Rewrite needed[edit]

Please could somebody rewrite this section into something that would give sense?

"Essentially, the telectroscope functioned on a principal whereby a selenium rod was "parceled" by electromagnets while a strong alternating electric current was passed through a photosensitive glass chamber. This chamber was filled with essentially inert gases, which reduced the risk of flammabilty and short circuiting during bombardment of the rod. When certain electromagnetic frequencies were reached (the rudimentary ability to control rate of A/C power made this hit and miss) an image could be replicated over a piece of treated glass. It was because of the inability to sustain a recognizable, if not quality, image that a mildly famous incident occurred whereby one of the initial Spanish investors interpreted an image of his Aunt as a childhood horse."

I have just removed the above piece of writing from the reference list. It was attached to the reference concerning Mark Twain's story. It had been added by an anonymous writer and it had not been substantiated. Then it was placed in Ref. No 10 but it did not make sense there. However, I suggest that it should be left on the talk page because of the nature of the subject. Television and especially telectroscope have always included both information and fictionalization.--C. Trifle (talk) 07:27, 15 February 2008 (UTC)

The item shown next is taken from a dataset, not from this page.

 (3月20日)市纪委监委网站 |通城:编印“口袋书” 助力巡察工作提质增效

New York Times article[edit]

For those with NY Times access, --Elonka 03:33, 25 May 2008 (UTC)

Described as[edit]

Tim Vickers has made some edits to add the formulation "described as". I am reverting these because, if something is generally described as X, then it is an instance of X. Since there is no precise technical definition of a telectroscope, we should be content to accept any electronic device for far-seeing which goes by this name. The stagey, Victorian presentation of this new gadget is no reason to attack the language used to describe it. If reliable sources like the BBC are willing to accept and use this term, we have no reason to object. Colonel Warden (talk) 19:29, 25 May 2008 (UTC)

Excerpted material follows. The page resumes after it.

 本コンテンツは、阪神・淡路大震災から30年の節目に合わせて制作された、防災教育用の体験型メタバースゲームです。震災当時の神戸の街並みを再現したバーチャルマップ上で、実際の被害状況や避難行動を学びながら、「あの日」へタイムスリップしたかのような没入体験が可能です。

I can see your point, but the lead must make clear that this is not an article describing a novel technology. I wouldn't go as far as the BBC in using quotation marks to indicate disbelief "If you believe artist and inventor Paul St George then his "Telectroscope" connects New York and London via a (very) long tunnel running through the earth's crust", but probably just adding the link to installation art will do the job OK. Tim Vickers (talk) 00:27, 26 May 2008 (UTC)
I am not content with your new wording since it still seems that you are trying to attack the new device. Since it actually performs the function of far-seeing and that this is the main kick people get out of using it, the set-dressing and artistic flummery associated with it is incidental and so doesn't belong in the lede. Colonel Warden (talk) 06:35, 26 May 2008 (UTC)
It is not a "real telectroscope". It's just a name for the art installation.--Pharos (talk) 06:44, 26 May 2008 (UTC)
Of course, it is real as evidenced below where you say that you have used it yourself. Colonel Warden (talk) 08:15, 26 May 2008 (UTC)

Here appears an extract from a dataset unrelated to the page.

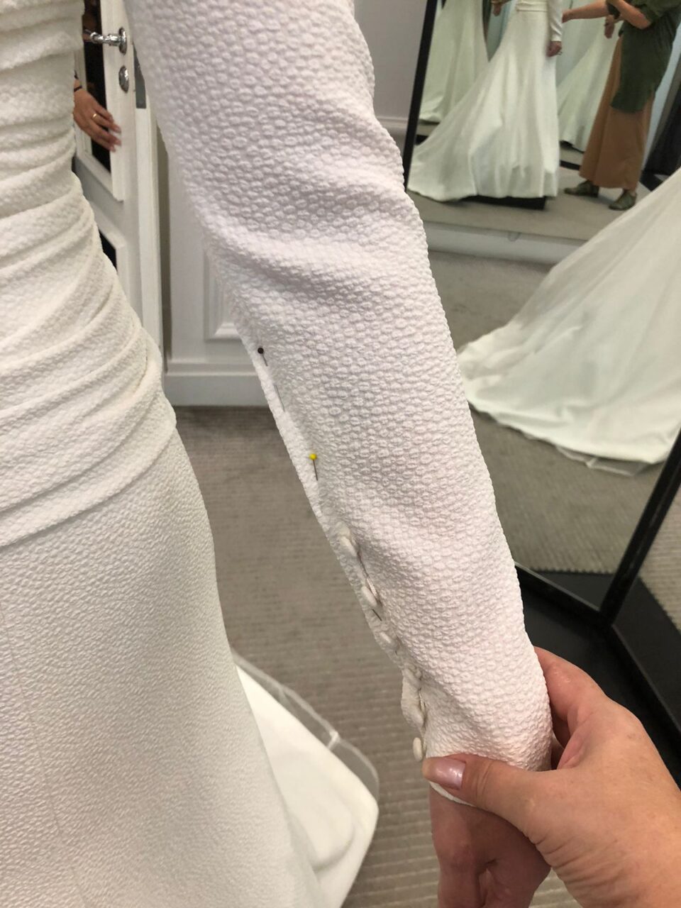 Apresenta defeito ou desgaste: Não apresenta quaisquer desgastes ou defeitos. O vestido está lavado e bem armazenado desde seu primeiro e único uso.

What happens after June 15th[edit]

I watched some youtube videos and the comments range from it being taken down as it is only a temporary art exhibit, to it becoming a for-profit operation. Addionally, what is the lag time? Is it actually the speed of light divided by the distance between the two endpoints or is there like a 3 second lag? The NY times report said its instantaneous but i haven't came accross a great source telling what this is. Even the official site doesnt tell much. Mainly, the more I read, the more that this is an art exhibit (eg the drilling ceremony) and less of a scientific venture. Sentriclecub (talk) 20:25, 25 May 2008 (UTC)

Um, of course it is an art exhibit.--Pharos (talk) 06:39, 26 May 2008 (UTC)
Okay, I must have caught the article during a reversion. The article now is clear that the transatlantic tunnel is imaginary. So I guess, it closes up on June 15th but the official website still isn't stating anything definitive. Sentriclecub (talk) 01:15, 28 May 2008 (UTC)

Article structure[edit]

We have editors trying to attack the material about the new telectroscope on the grounds that it is not a real telectroscope. Since previous conceptions were largely imaginary, the logic of this line of reasoning seems elusive. What we have now is a situation like that of the Channel Tunnel. For many years, this was the stuff of daydreams and failed ventures. But now that we have a real one, it is this which takes prominence. So, it is with the telectroscope. Readers coming to this article will be expecting to read about the new construction and previous efforts and imaginings should be relegated to historical sections. Similarly, per MOS:IMAGES, the article should lead with a picture of the telectroscope at top right. I shall now act upon this. Colonel Warden (talk) 07:03, 26 May 2008 (UTC)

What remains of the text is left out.